#### What is being asked:
Please return the listing below exactly, without any of its pictures.

*** Opening of Available data ***

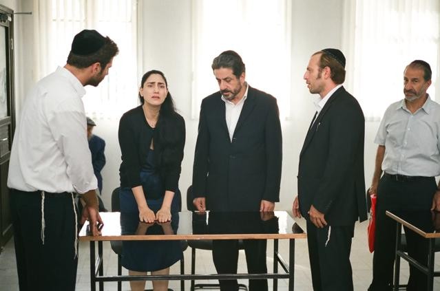 The film opens in a courtroom setting where Viviane Amsalem (Ronit Elkabertz) has been applying for a divorce from her husband Elisha (Sasson Gabai) for three years. She is represented by her lawyer Carmel Ben-Tovim (Menashe Noy), who presents her case and legal papers to a three rabbi tribunal led by head rabbi (Eli Gorenstein). These three gentlemen will eventually adjudicate Viviane’s petition
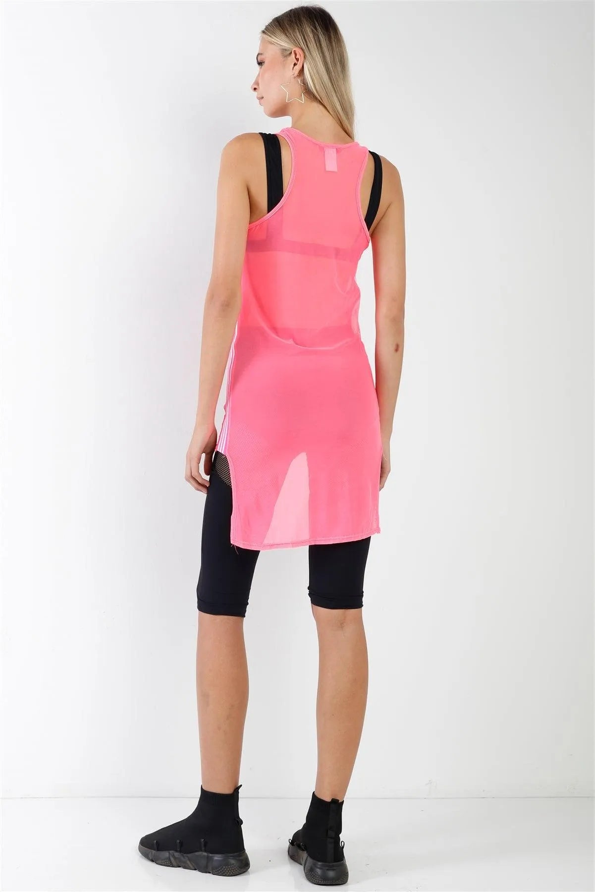 🖤 Item Features: Neon pink, large front print detail, sleeveless, scoop neckline, uneven length, light stretch multicolor striped side strap detail, semi-sheer, light stretch, unlined, tunic length, casual, sporty, sportswear, lightweight, breathable, comfy, spring/summer collection
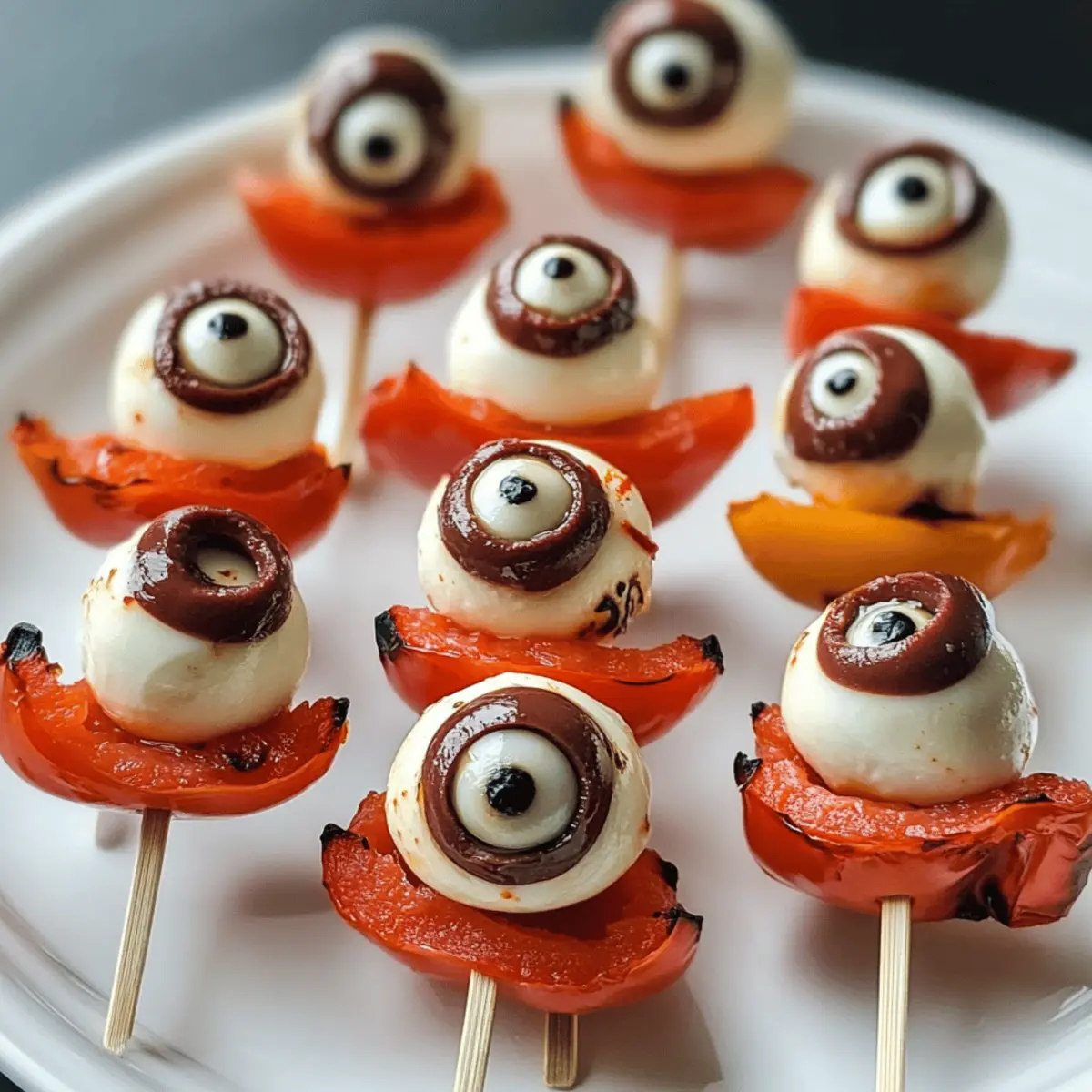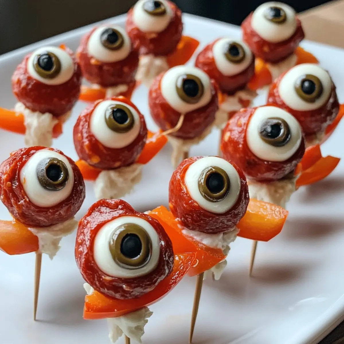 Kürbisse und Spinnweben hüllen die Straßen ein, während die Aufregung von Halloween in der Luft liegt. Genau jetzt ist der perfekte Zeitpunkt, um eure Freunde mit etwas Unheimlichem und Leckerem zu überraschen! Meine Spieße mit Salamieaugen sind nicht nur ein visuelles Highlight, sondern auch ein köstlicher Genuss, der euch in nur 20 Minuten ins Gruselfieber versetzt. Die Kombination aus cremigem Mozzarella, würzigem Pepperoni und einer bunten Paprikadarstellung lässt diese Appetizer nicht nur spielerisch aussehen, sondern sind auch blitzschnell zubereitet. Ob für eine gruselige Halloween-Party oder einfach zum Genießen beim Filmabend – sie sorgen definitiv für Spaß und Gesprächsstoff. Seid ihr bereit, eure Gäste mit diesem schaurig-schönen Snack zu begeistern? Warum sind diese Spieße so besonders? Schnell und einfach: In nur 20 Minuten sind diese schaurigen Snacks bereit zum Servieren – perfekt, wenn die Zeit drängt! Köstliche Aromen: Die Kombination aus cremigem Mozzarella und würzigem Pepperoni sorgt für einen unverwechselbaren Geschmack. Visuelles Highlight: Diese Spieße sind nicht nur lecker, sondern auch ein echter Hingucker auf jeder Halloween-Party! Vielfältige Variationen: Probiert verschiedene Käsesorten oder Olive-Varianten aus, um neue Geschmäcker zu entdecken. Gesellige Snacks: Ideal als Gesprächsanlass – jeder wird begeistert sein, ein Stück „Augen“ zu genießen! Verbessert eure Halloween-Vorbereitungen mit weiteren kreativen Ideen wie einem Halloween-Buffet, um eure Gäste zu überraschen. Zutaten für Spieße mit Salamieaugen • Hier sind die notwendigen Zutaten für dieses gruselige Snack-Erlebnis! Für die Spieße Mozzarella-Bällchen – Sie bilden die Basis der „Augen“ und sorgen für Cremigkeit; für eine ähnliche Wirkung können Mini-Bocconcini verwendet werden. Rote Paprika – Sie fügt eine lebendige Farbe hinzu und simuliert einen dekorativen „Bluteffekt“; getrocknete Chilischoten bringen einen zusätzlichen Kick. Kalamata-Oliven – Sie kreieren die „Augen“ auf den Mozzarella-Bällchen; grüne Oliven können für einen lustigen cartoonhaften Look verwendet werden. Pepperoni-Streifen – Sie sorgen für Geschmack und Struktur; bereits geschnittene Pepperoni sparen Zeit in der Vorbereitung. Für die Dekoration Schwarze Servierplatte – Für eine dramatische Präsentation der Spieße bei eurer Halloween-Party. Diese Spieße mit Salamieaugen sind nicht nur einfach zuzubereiten, sondern verleihen auch jedem Halloween-Event einen unheimlich-leckeren Touch. Schritt-für-Schritt-Anleitung für Spieße mit Salamieaugen Step 1: Mozzarella vorbereiten Schneide in jeden Mozzarella-Ball kleine Einkerbungen, um Augenhöhlen zu formen. Dies sorgt für das ikonische „Augen“-Aussehen. Nutze ein scharfes Messer und arbeite vorsichtig, um die Form zu erhalten. Dieser Schritt sollte nicht länger als 5 Minuten dauern und kann auf einem stabilen Schneidebrett durchgeführt werden. Step 2: Die Augen machen Hacke die Kalamata-Oliven sehr fein und fülle sie in die Einkerbungen der Mozzarella-Bälle. Achte darauf, dass eine gute Menge Olive in jeder Höhle sitzt, damit die „Augen“ gut sichtbar sind. Dieser Vorgang sollte ebenfalls zügig gehen und etwa 5 Minuten in Anspruch nehmen. Step 3: Pepperoni schneiden Schneide die Pepperoni in kleine Stücke und dünne Streifen. Du brauchst sowohl die kleinen Stücke für die Anordnung als auch die langen Streifen für die Spieße. Leg die geschnittenen Pepperoni beiseite und achte während des Schneidens darauf, gleichmäßige Stücke zu erzielen – für ein ansprechendes Aussehen. Dieser Schritt kann in 5 Minuten erledigt werden. Step 4: Paprika dekorieren Schneide die rote Paprika in Wedges oder kleine Stücke zur Dekoration. Diese sorgen nicht nur für Farbe, sondern geben den Spießen auch einen interessanten „blutigen“ Effekt. Die kleine Mühe, die du in die Paprika steckst, wird die gesamte Präsentation aufwerten. Plane hier etwa 5 Minuten ein. Step 5: Spieße zusammenstellen Beginne das Zusammenstecken der Spieße, indem du mit einem Stück roter Paprika startest. Füge dann ein Stück Pepperoni, einen Mozzarella-Ball mit Olive, eine dickere Scheibe Pepperoni, gefolgt von weiteren dünnen Pepperoni, und beende mit einem weiteren Mozzarella-Ball. Jeder Spieß sollte bunt und gruselig aussehen. Dies könnte etwa 10 Minuten dauern. Step 6: Kühlen und servieren Lasse die fertigen Spieße für mindestens 10 Minuten im Kühlschrank kühlen, bevor du sie auf einem dekorativen Halloween-Teller servierst. Dies gibt den Aromen Zeit, sich zu verbinden, und sorgt für eine erfrischende Präsentation. Achte darauf, die Spieße schnell zu servieren, um die beste Frische zu gewährleisten. Was passt zu Spießen mit Salamieaugen? Eine schaurige Halloween-Feier braucht nicht nur gruselige Snacks, sondern auch ansprechende Begleiter für ein unvergessliches Erlebnis. Kürbiscremesuppe: Diese samtige Suppe bringt einen warmen, saisonalen Geschmack und ergänzt die herzhafte Note der Spieße. Eine wärmende Kürbiscremesuppe kann wunderbar als Vorspeise dienen und die Geschmacksknospen auf weihnachtliche Aromen einstimmen. Geröstete grüne Bohnen: Die knackige Textur der Bohnen bietet einen frischen Kontrast zu den cremigen Spießen mit Salamieaugen. Ein Hauch von Knoblauch und Zitrone kann die Bohnen perfekt aufpeppen und bringt zusätzliche Frische auf den Tisch. Cremiger Kartoffelsalat: Dieser füllende Salat bietet eine wunderbar cremige Ergänzung zu den schaurigen Snacks und ist super einfach zuzubereiten. Er sorgt für eine familiäre Stimmung und ist immer ein Hit bei Gästen jeden Alters. Apfel-Mandel-Salat: Dieser knackige Salat mit süßen Äpfeln und nussigen Mandeln sorgt für ein harmonisches Zusammenspiel der Aromen. Erfrischend und leicht, passt er perfekt zu den herzhaften Spießen und bringt eine fruchtige Note ins Spiel. Halloween-Cocktail: Ein blutrotes Getränk, das m

*** Close of Available data ***

#### Response:
 The film opens in a courtroom setting where Viviane Amsalem (Ronit Elkabertz) has been applying for a divorce from her husband Elisha (Sasson Gabai) for three years. She is represented by her lawyer Carmel Ben-Tovim (Menashe Noy), who presents her case and legal papers to a three rabbi tribunal led by head rabbi (Eli Gorenstein). These three gentlemen will eventually adjudicate Viviane’s petition
 🖤 Item Features: Neon pink, large front print detail, sleeveless, scoop neckline, uneven length, light stretch multicolor striped side strap detail, semi-sheer, light stretch, unlined, tunic length, casual, sporty, sportswear, lightweight, breathable, comfy, spring/summer collection
 Kürbisse und Spinnweben hüllen die Straßen ein, während die Aufregung von Halloween in der Luft liegt. Genau jetzt ist der perfekte Zeitpunkt, um eure Freunde mit etwas Unheimlichem und Leckerem zu überraschen! Meine Spieße mit Salamieaugen sind nicht nur ein visuelles Highlight, sondern auch ein köstlicher Genuss, der euch in nur 20 Minuten ins Gruselfieber versetzt. Die Kombination aus cremigem Mozzarella, würzigem Pepperoni und einer bunten Paprikadarstellung lässt diese Appetizer nicht nur spielerisch aussehen, sondern sind auch blitzschnell zubereitet. Ob für eine gruselige Halloween-Party oder einfach zum Genießen beim Filmabend – sie sorgen definitiv für Spaß und Gesprächsstoff. Seid ihr bereit, eure Gäste mit diesem schaurig-schönen Snack zu begeistern? Warum sind diese Spieße so besonders? Schnell und einfach: In nur 20 Minuten sind diese schaurigen Snacks bereit zum Servieren – perfekt, wenn die Zeit drängt! Köstliche Aromen: Die Kombination aus cremigem Mozzarella und würzigem Pepperoni sorgt für einen unverwechselbaren Geschmack. Visuelles Highlight: Diese Spieße sind nicht nur lecker, sondern auch ein echter Hingucker auf jeder Halloween-Party! Vielfältige Variationen: Probiert verschiedene Käsesorten oder Olive-Varianten aus, um neue Geschmäcker zu entdecken. Gesellige Snacks: Ideal als Gesprächsanlass – jeder wird begeistert sein, ein Stück „Augen“ zu genießen! Verbessert eure Halloween-Vorbereitungen mit weiteren kreativen Ideen wie einem Halloween-Buffet, um eure Gäste zu überraschen. Zutaten für Spieße mit Salamieaugen • Hier sind die notwendigen Zutaten für dieses gruselige Snack-Erlebnis! Für die Spieße Mozzarella-Bällchen – Sie bilden die Basis der „Augen“ und sorgen für Cremigkeit; für eine ähnliche Wirkung können Mini-Bocconcini verwendet werden. Rote Paprika – Sie fügt eine lebendige Farbe hinzu und simuliert einen dekorativen „Bluteffekt“; getrocknete Chilischoten bringen einen zusätzlichen Kick. Kalamata-Oliven – Sie kreieren die „Augen“ auf den Mozzarella-Bällchen; grüne Oliven können für einen lustigen cartoonhaften Look verwendet werden. Pepperoni-Streifen – Sie sorgen für Geschmack und Struktur; bereits geschnittene Pepperoni sparen Zeit in der Vorbereitung. Für die Dekoration Schwarze Servierplatte – Für eine dramatische Präsentation der Spieße bei eurer Halloween-Party. Diese Spieße mit Salamieaugen sind nicht nur einfach zuzubereiten, sondern verleihen auch jedem Halloween-Event einen unheimlich-leckeren Touch. Schritt-für-Schritt-Anleitung für Spieße mit Salamieaugen Step 1: Mozzarella vorbereiten Schneide in jeden Mozzarella-Ball kleine Einkerbungen, um Augenhöhlen zu formen. Dies sorgt für das ikonische „Augen“-Aussehen. Nutze ein scharfes Messer und arbeite vorsichtig, um die Form zu erhalten. Dieser Schritt sollte nicht länger als 5 Minuten dauern und kann auf einem stabilen Schneidebrett durchgeführt werden. Step 2: Die Augen machen Hacke die Kalamata-Oliven sehr fein und fülle sie in die Einkerbungen der Mozzarella-Bälle. Achte darauf, dass eine gute Menge Olive in jeder Höhle sitzt, damit die „Augen“ gut sichtbar sind. Dieser Vorgang sollte ebenfalls zügig gehen und etwa 5 Minuten in Anspruch nehmen. Step 3: Pepperoni schneiden Schneide die Pepperoni in kleine Stücke und dünne Streifen. Du brauchst sowohl die kleinen Stücke für die Anordnung als auch die langen Streifen für die Spieße. Leg die geschnittenen Pepperoni beiseite und achte während des Schneidens darauf, gleichmäßige Stücke zu erzielen – für ein ansprechendes Aussehen. Dieser Schritt kann in 5 Minuten erledigt werden. Step 4: Paprika dekorieren Schneide die rote Paprika in Wedges oder kleine Stücke zur Dekoration. Diese sorgen nicht nur für Farbe, sondern geben den Spießen auch einen interessanten „blutigen“ Effekt. Die kleine Mühe, die du in die Paprika steckst, wird die gesamte Präsentation aufwerten. Plane hier etwa 5 Minuten ein. Step 5: Spieße zusammenstellen Beginne das Zusammenstecken der Spieße, indem du mit einem Stück roter Paprika startest. Füge dann ein Stück Pepperoni, einen Mozzarella-Ball mit Olive, eine dickere Scheibe Pepperoni, gefolgt von weiteren dünnen Pepperoni, und beende mit einem weiteren Mozzarella-Ball. Jeder Spieß sollte bunt und gruselig aussehen. Dies könnte etwa 10 Minuten dauern. Step 6: Kühlen und servieren Lasse die fertigen Spieße für mindestens 10 Minuten im Kühlschrank kühlen, bevor du sie auf einem dekorativen Halloween-Teller servierst. Dies gibt den Aromen Zeit, sich zu verbinden, und sorgt für eine erfrischende Präsentation. Achte darauf, die Spieße schnell zu servieren, um die beste Frische zu gewährleisten. Was passt zu Spießen mit Salamieaugen? Eine schaurige Halloween-Feier braucht nicht nur gruselige Snacks, sondern auch ansprechende Begleiter für ein unvergessliches Erlebnis. Kürbiscremesuppe: Diese samtige Suppe bringt einen warmen, saisonalen Geschmack und ergänzt die herzhafte Note der Spieße. Eine wärmende Kürbiscremesuppe kann wunderbar als Vorspeise dienen und die Geschmacksknospen auf weihnachtliche Aromen einstimmen. Geröstete grüne Bohnen: Die knackige Textur der Bohnen bietet einen frischen Kontrast zu den cremigen Spießen mit Salamieaugen. Ein Hauch von Knoblauch und Zitrone kann die Bohnen perfekt aufpeppen und bringt zusätzliche Frische auf den Tisch. Cremiger Kartoffelsalat: Dieser füllende Salat bietet eine wunderbar cremige Ergänzung zu den schaurigen Snacks und ist super einfach zuzubereiten. Er sorgt für eine familiäre Stimmung und ist immer ein Hit bei Gästen jeden Alters. Apfel-Mandel-Salat: Dieser knackige Salat mit süßen Äpfeln und nussigen Mandeln sorgt für ein harmonisches Zusammenspiel der Aromen. Erfrischend und leicht, passt er perfekt zu den herzhaften Spießen und bringt eine fruchtige Note ins Spiel. Halloween-Cocktail: Ein blutrotes Getränk, das m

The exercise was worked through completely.